## What to work on
Beginning with the opening line of the entries, return every line through the one containing "모든 가입 절차가 완료되었습니다!!", both included, and nothing else. Omit pictures.

** Opening Information supplied block **

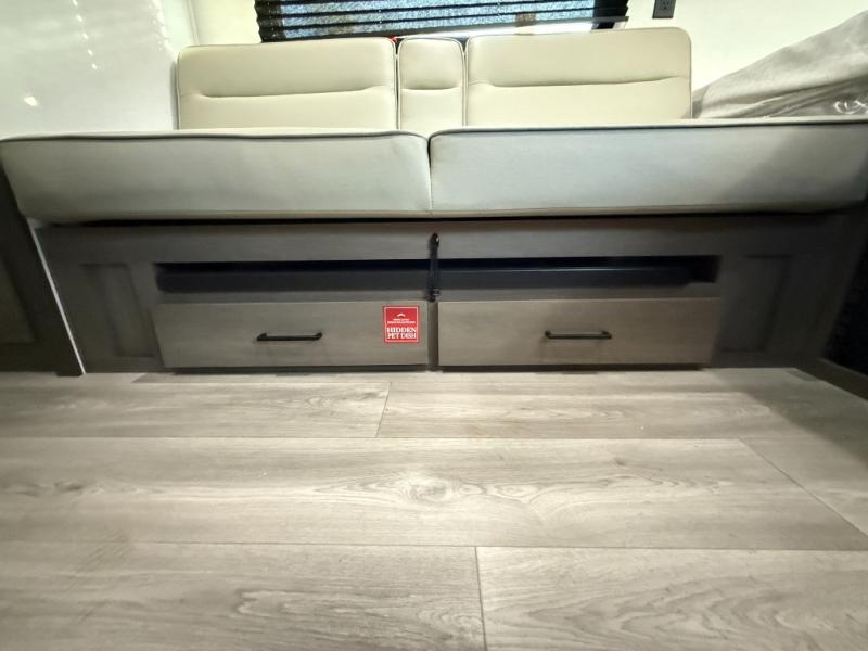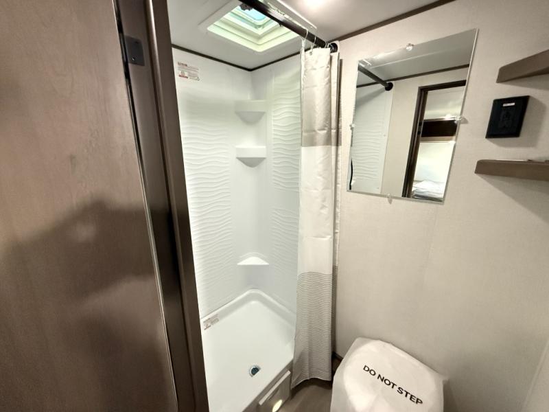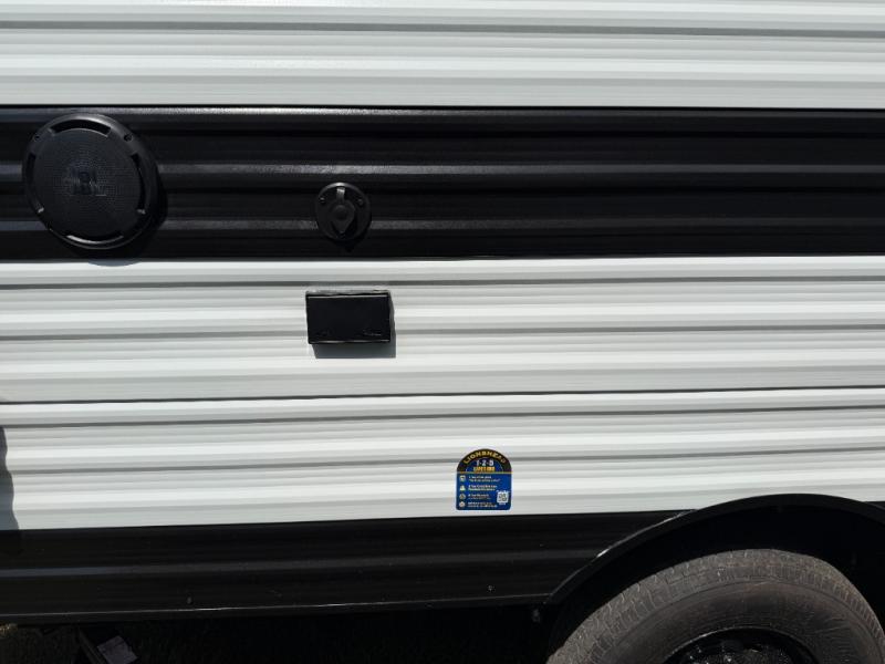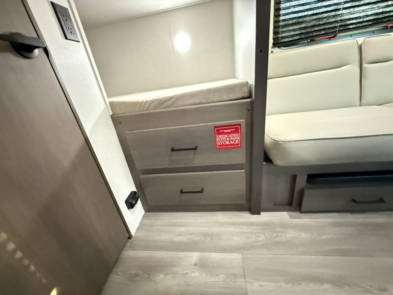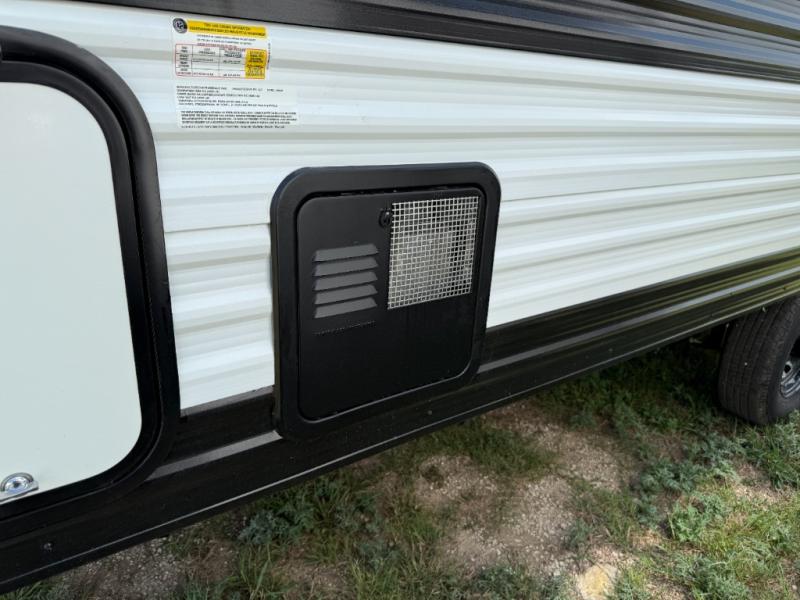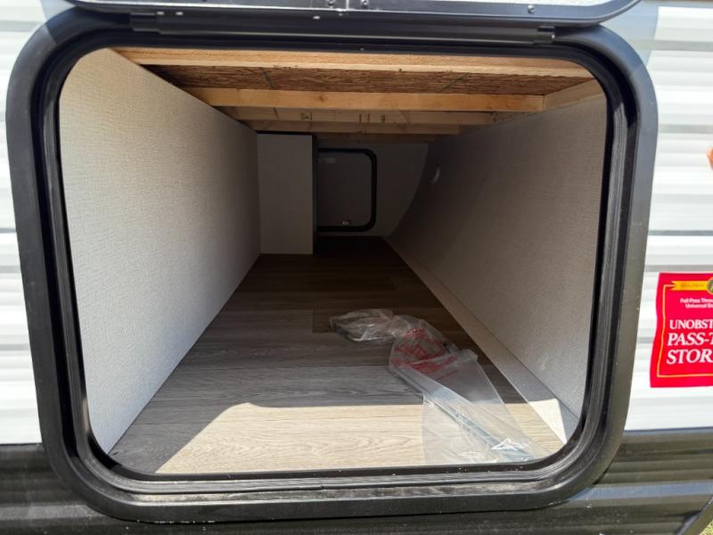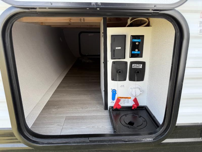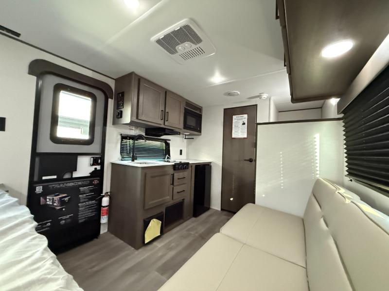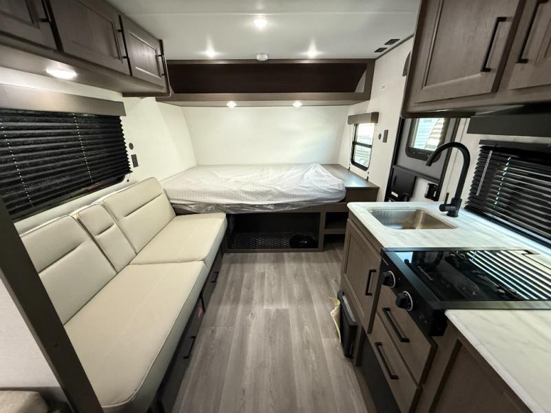 Camping trips to the lake have never been easier than with this travel trailer! The 28" x 67" bunks are right next to the private bath for easy nighttime use, and the front queen bed includes hidden storage for your things. There is also a 66" Jack knife sofa that provides a little more sleeping space for guests. A full kitchen lets you cook meals each day and there is an exterior LP quick connect if you want to fire up your own propane grill.
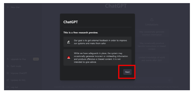 모든 가입 절차가 완료되었습니다!! 그리고 쳇지피티로 들어가면 작은 창이 하나 뜨는데요. 이때 빨간색으로 표시된
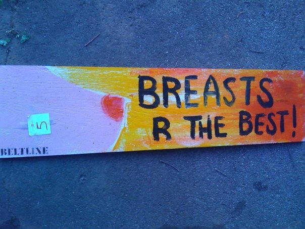 Those first “signs” — boards covered in community-created guerrilla-style art — ran the gamut from colorful, cutesy flowers and frolicking pets to more provocative declarations of “DANCE FOR UR VAGINA” and “BREASTS R THE BEST” (neither of which lasted long on the nascent trail). Poventud had been concerned about getting arrested or fined for the stunt, but Creative Loafing named it the best public art project of 2009.
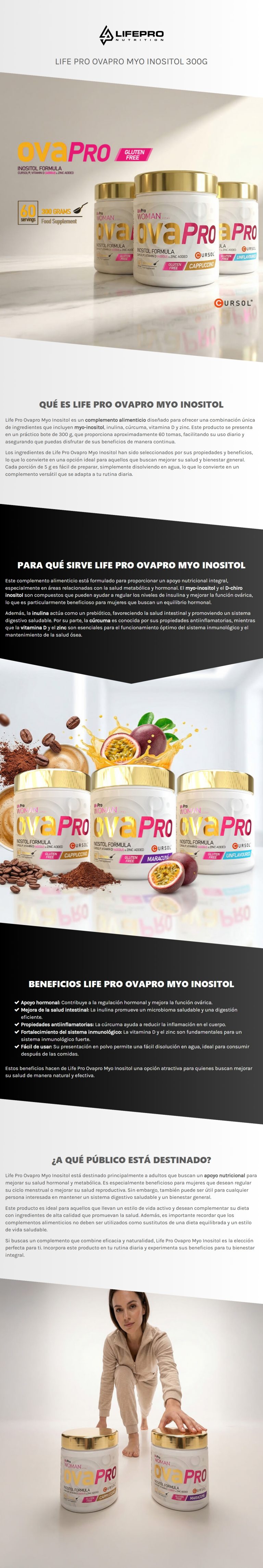 Life Pro Ovapro Myo Inositol es un complemento alimenticio que combina inositol, inulina y cúrcuma para potenciar tu bienestar. Ideal para quienes buscan un apoyo nutricional eficaz y natural.
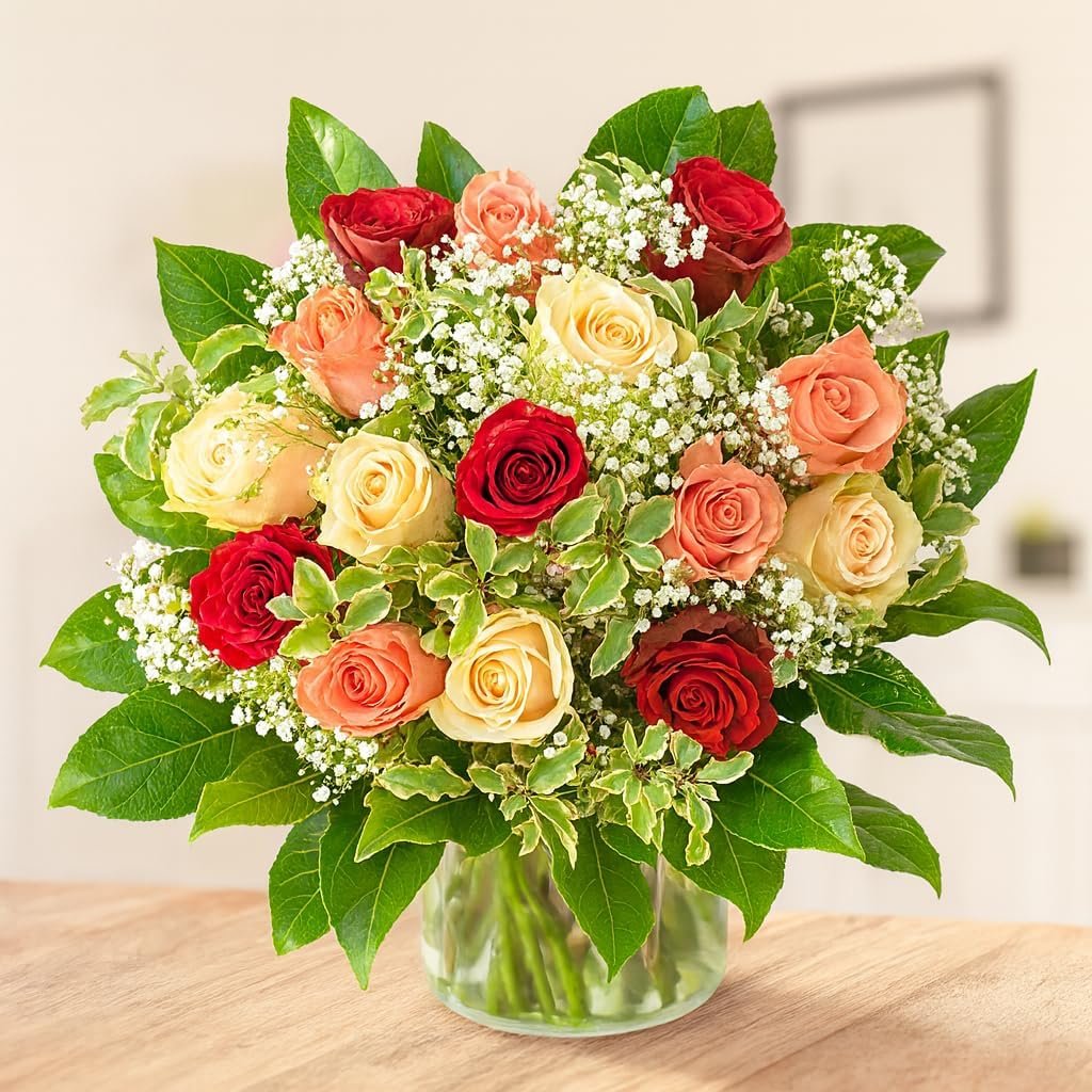 Lovingly hand-tied colourful bouquet with 12 roses, gypsophila and various cut green of lovingly hand-tied – colourful bouquet with 12 roses in the colours white, red and pink including gypsophila and various cut green of the season. This bouquet is ideal as a birthday gift and it also looks great in your own vase. Season. Ideal for a birthday
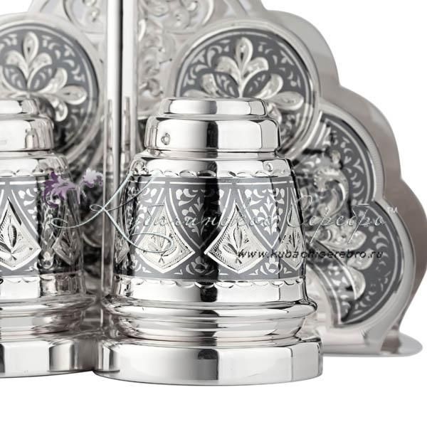 Серебро 875 пробы. В набор входят 2 солонки для соли и перца, а так же отдел для салфеток!
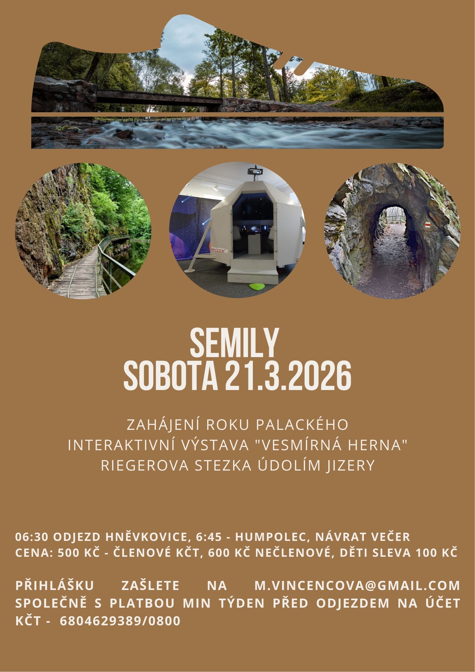 Přihlášku zašlete na m.vincencova@gmail.com a to včetně platby nejpozději týden předem na účet KČT – 6804629389/0800. Platby v autobuse nejsou možné. Pokud na akci nepojedete a oznámíte toto méně než 7 dní před odjezdem, musíte si najít náhradníka, jinak vám peníze nebudou vráceny.

** Closing Information supplied block **

## The completed task
 Camping trips to the lake have never been easier than with this travel trailer! The 28" x 67" bunks are right next to the private bath for easy nighttime use, and the front queen bed includes hidden storage for your things. There is also a 66" Jack knife sofa that provides a little more sleeping space for guests. A full kitchen lets you cook meals each day and there is an exterior LP quick connect if you want to fire up your own propane grill.
 모든 가입 절차가 완료되었습니다!! 그리고 쳇지피티로 들어가면 작은 창이 하나 뜨는데요. 이때 빨간색으로 표시된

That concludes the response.